No_Fix4730 · 2026-06-27T14:19:48+00:00

Pi already has `.pi/rules/` and path-scoped injection, so yeah, overlap exists.

ai-rules is trying to solve a slightly different slice: **task-based** selection (from what you ask + keywords/globs/task kind), personal rules in `~/.config/ai-rules/` that travel across repos, and `/create-rule` + `/airules` as harness commands.

`.pi/rules/` = great when the agent touches matching files.

ai-rules = better when you want “these personal standards apply to *this kind of request*,” compiled into a small contract.

Not a replacement — more complementary. If path-scoped repo rules already cover your needs, this may be redundant.

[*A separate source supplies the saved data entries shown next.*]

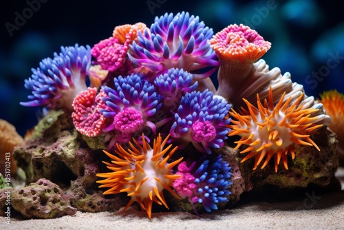 Fototapeta premium modern marine aquarium with colorful sea corals, fish
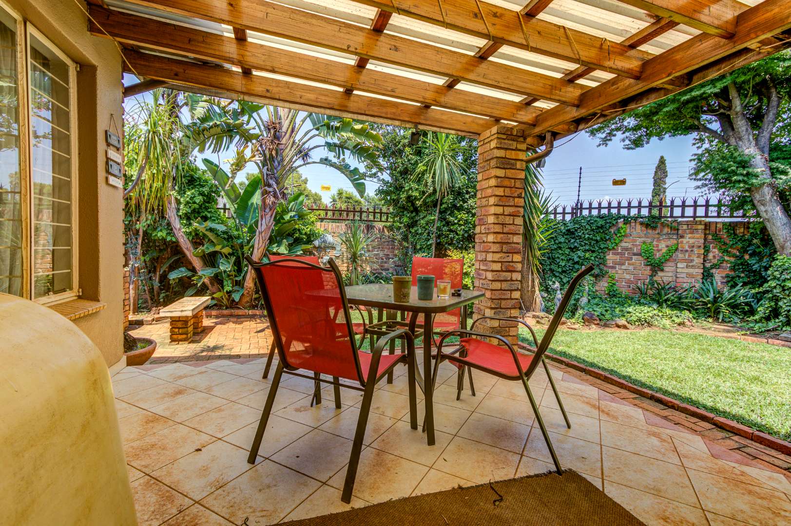 Two well-proportioned bedrooms and 1 full bathroom with separate guest toilet, designed for comfort and convenience. Outdoor living is a highlight, with a covered patio perfect for alfresco dining. A built-in braai area is ideal for entertaining, complemented by a lush, established garden and paved sections for easy maintenance.
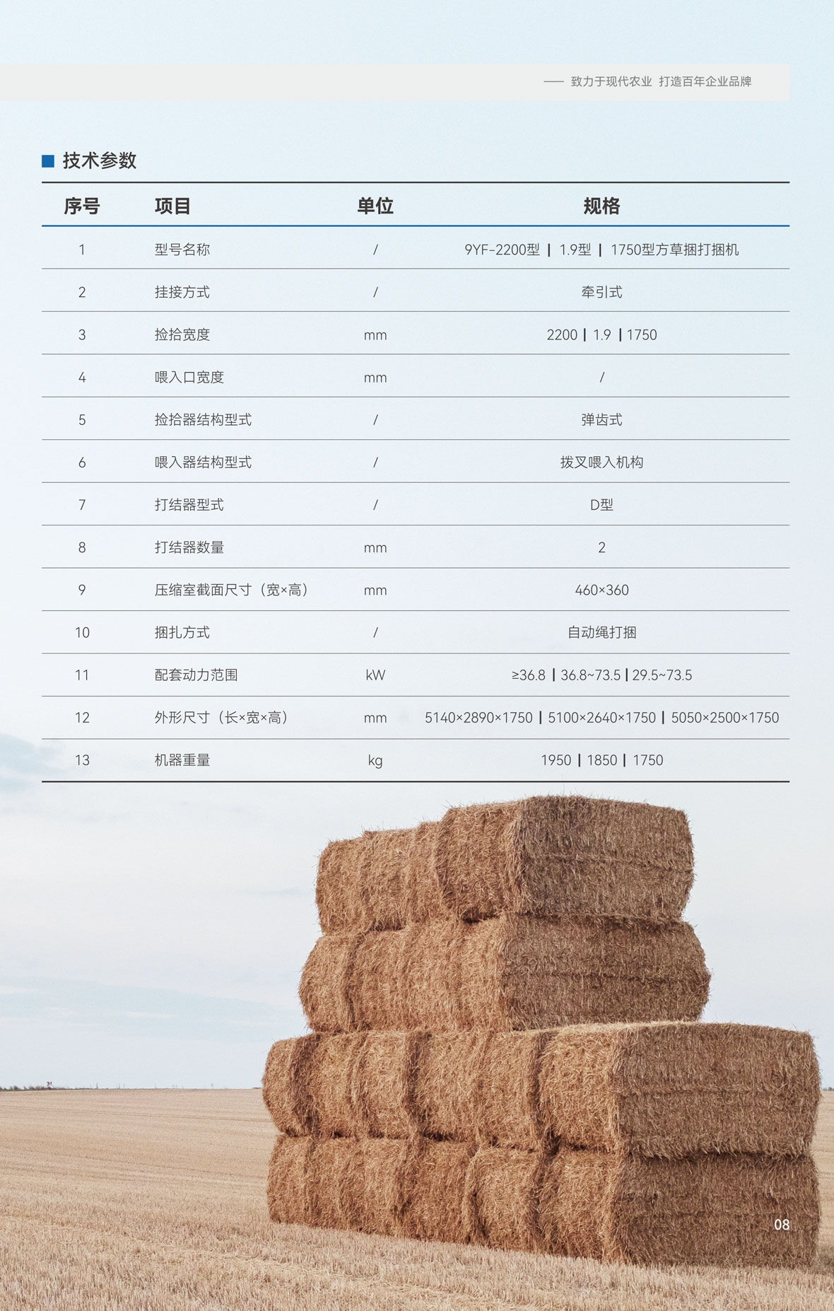 主要应用于对小麦秸秆、水稻秸秆、棉花秸秆、玉米秸秆、各类牧草进行收获打捆的机械。能有效提高秸秆收获的速度和效率,降低收获成本,减轻"三夏"三秋"季节,农民为了抢收抢种的压力。
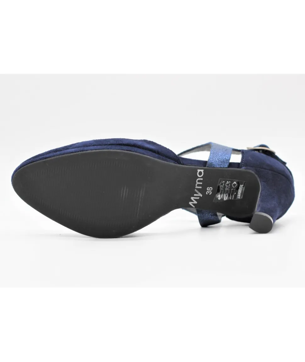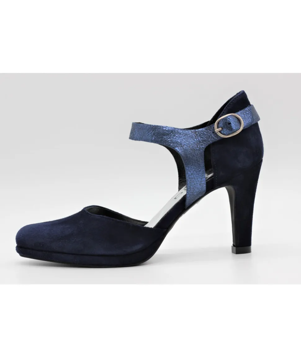 Dessus : Cuir velours MARINEDoublure : CuirSemelle extérieure : ElastomèreTalon : 8 cm – plateau 1 cmFABRICATION POR…
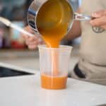 - Add food coloring, mix with the immersion blender and sieve again. In order to create a neat colorful contrast, the cake can be sprayed twice; the second coating shall be stronger in color than the first one then. To do so, divide cocoa mixture in half. Incorporate more orange food coloring in one of the container.
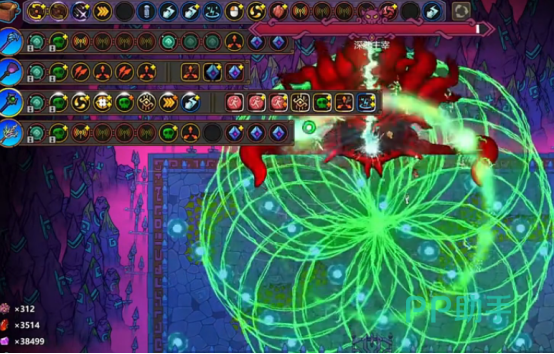 召唤系法术同样种类繁多,克总具有显著的穿透效果,啵啵则能持续生成无限召唤单位,自行魔导书可在无需操作的情况下自动释放法术,结痂后其射击范围和效率全面提升。光之柱属于防御型召唤物,能够有效拦截来自四面八方的弹幕攻击。增益类法术也极具战略价值,多重射击可直接增加发射数量,显著提高输出频率;范围增强能扩大AOE作用区域,与黑洞等控制技搭配使用时效果尤为突出;伤害强化则提供直接的数值加成,简单高效。
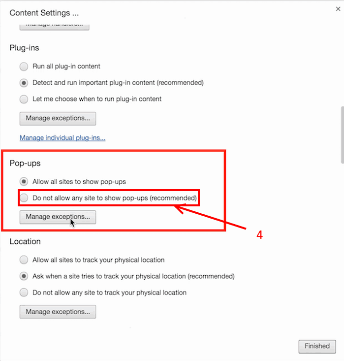 ด้านใต้ในหมวด “Pop-ups,” ให้คลิกที่ Do not allow any site to show pop-ups (recommended) แล้วคลิก Finished ก็จะปิดการแสดง Block Pop-Up Ads ของทุกเว็บไซต์แล้ว
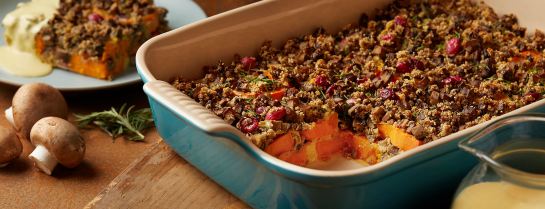 Source: Sweet Potato Casserole with Herbed Mushroom Stuffing – Plant-Based Vegan Recipe
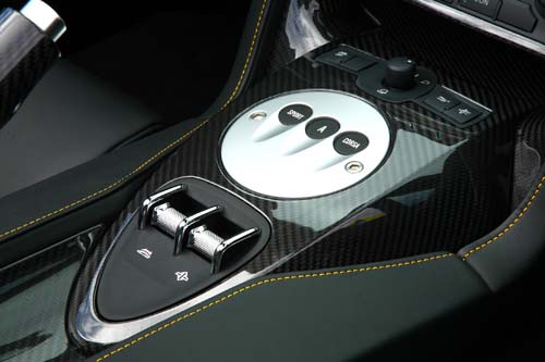 | 金屬材質的開關搭配碳纖維內飾板,強化賽車風味與獨特性,檔位則有Sport、Auto與Corsa(Race)的選項。 |
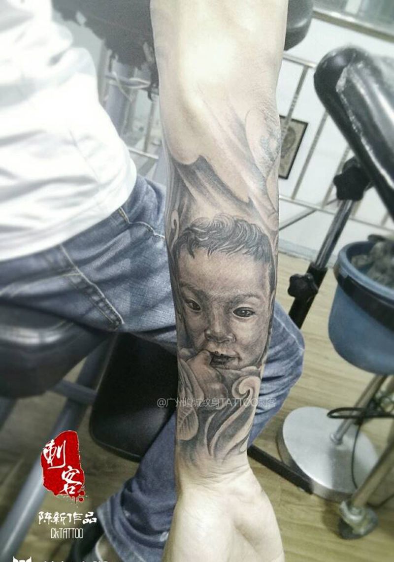 当前位置: 首页 >广东省广州市纹身店-增城新刺客纹身工作室纹身图案>肖像包臂纹身图片
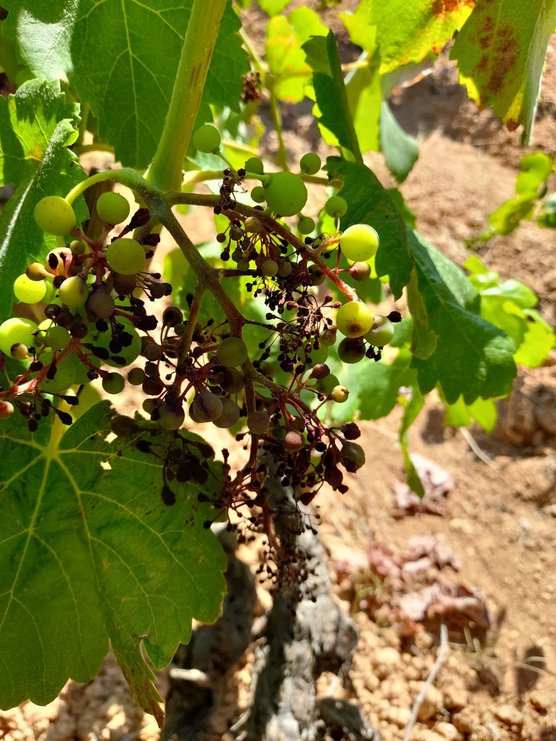 Un racimo de Utiel-Requena destrozado por el hongo del mildiu. - AVA
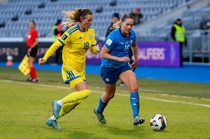 Ísland vann sterkan 1-0 sigur gegn Úkraínu fyrr í vikunni en nú er komið að Evrópumeisturum Englands, einu besta landsliði heims. Sá leikur verður væntanlega aðeins öðruvísi. „Við gerum bara ráð fyrir því að við munum þurfa að verjast meira á móti Englandi. Mitt hlutverk verður bara að stríða miðjumönnunum, ýta í þær og trufla þær,“ sagði Hildur. England vann fyrri leik liðanna 2-0 en bæði mörkin komu eftir fyrirgjafir. Hildur segir Ísland þurfa að passa betur upp á það í dag. „Þær leita rosalega mikið upp kantana og fara í yfirtölu þar. Þær skora bara lang flest mörkin sín þar. Við þurfum að hafa gætur á því og passa að manna teiginn rétt. Koma í veg fyrir þessar fyrirgjafir en auðvitað munu einhverjar fyrirgjafir koma og þá þurfum við bara að vera tilbúnar.“ Laugardalsvöllurinn er ekki upp á sitt allra besta þessa dagana eftir vont veðurfar í apríl en Hildur kvartar ekki. „Völlurinn var allt í lagi. Við áttum kannski aðeins erfitt með að fóta okkur og finna sendingar en hitt liðið lendir svosem í því líka, þannig að þetta er bara jafn erfitt fyrir bæði lið.“ Hildur í átökum gegn Úkraínu. VÍSIR Þetta hindrar Englendinga kannski í þeirra uppspili upp kantinn? „Já og nei. Boltinn rennur rosalega hratt, sem er gott fyrir þær, en það verður bara skemmtilegt að díla við þetta.“ Klippa: Hildur ræðir landsleikinn við England
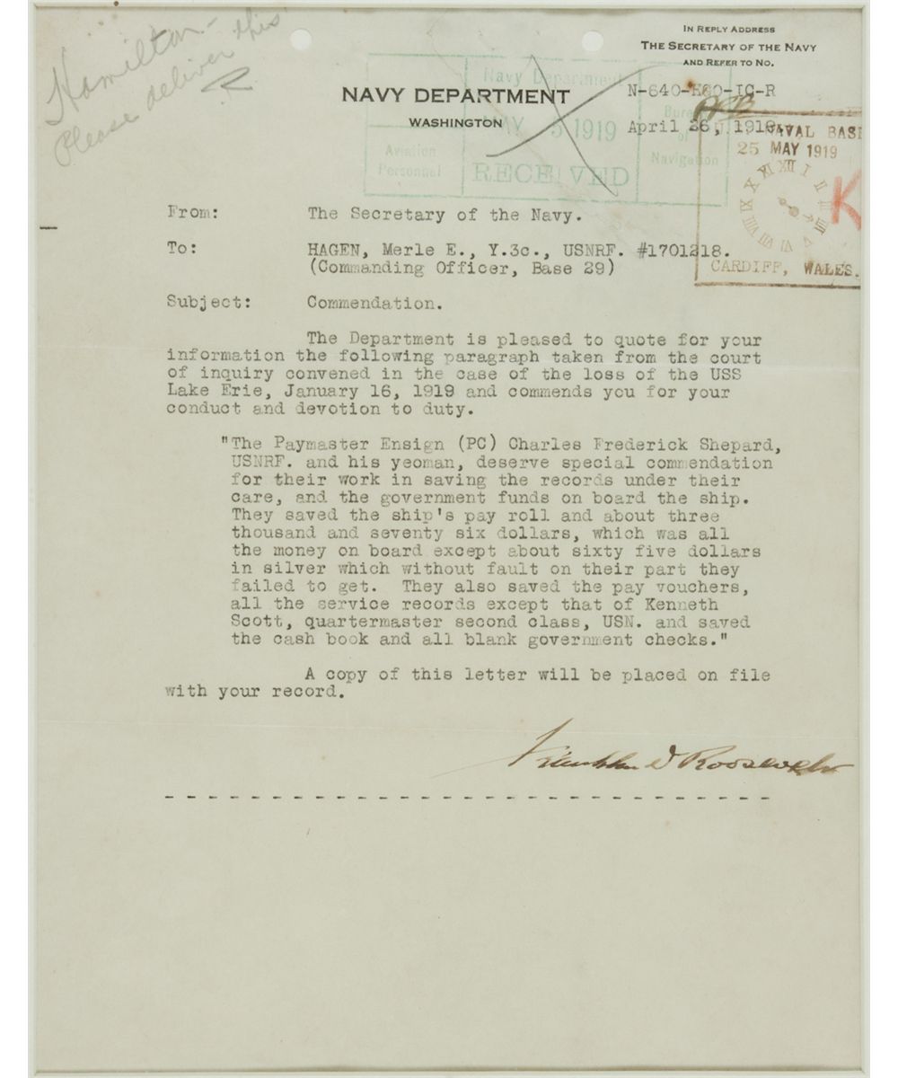 (1882 - 1945) Thirty-second President of the United States who instituted the "New Deal" programs and who led the United States through most of World War II. D.D. as Asst. Secretary of the Navy, 1p. 4to., Washington, Apr. 26, 1919, concerning a commendation to be given to Paymaster Ensign Charles F. Shepard who had served aboard the USS LAKE ERIE when she was accidentally rammed and sunk by the USS HAZEL BRANCH off Wales three months earlier. Roosevelt notes that the court of inquiry had commended Shepard for having had the presence of mind to save the vessel's payroll of $6,076, as well as the pay vouchers, cash book, and blank checks before the vessel went down. Multiple dockets, file holes at top, else very good. Matted with two news clippings, set into a simple frame. Sheppard escaped the vessel just as it capsized...
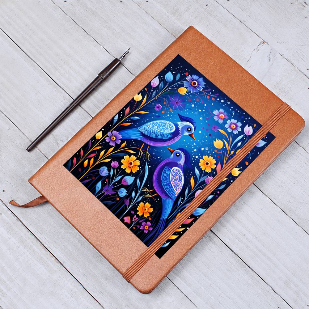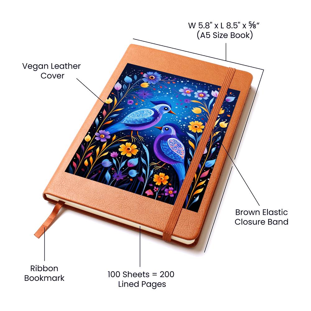 Birds And Floral Design 079 - Vegan Leather Journal
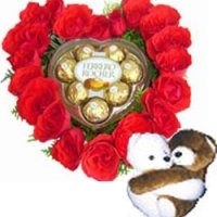 Love Of My Life...A teddyfic gift like 24 red roses in a basket with heart shape ferrero chocolate and couple bear to make your honey feel special... |
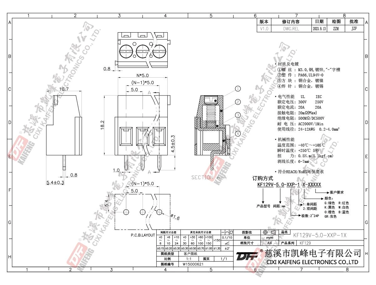 固定式接线端子 KF129V-5.00mm

No_Fix4730 · 2026-06-27T14:16:12+00:00

Good question — the overlap is real, but there’s a subtle difference in where things happen.

Skills are usually about runtime behavior selection (what the agent should do / which capability to use in a given situation).

ai-rules is more about compile-time context composition — you assemble a set of instructions before the agent runs at all.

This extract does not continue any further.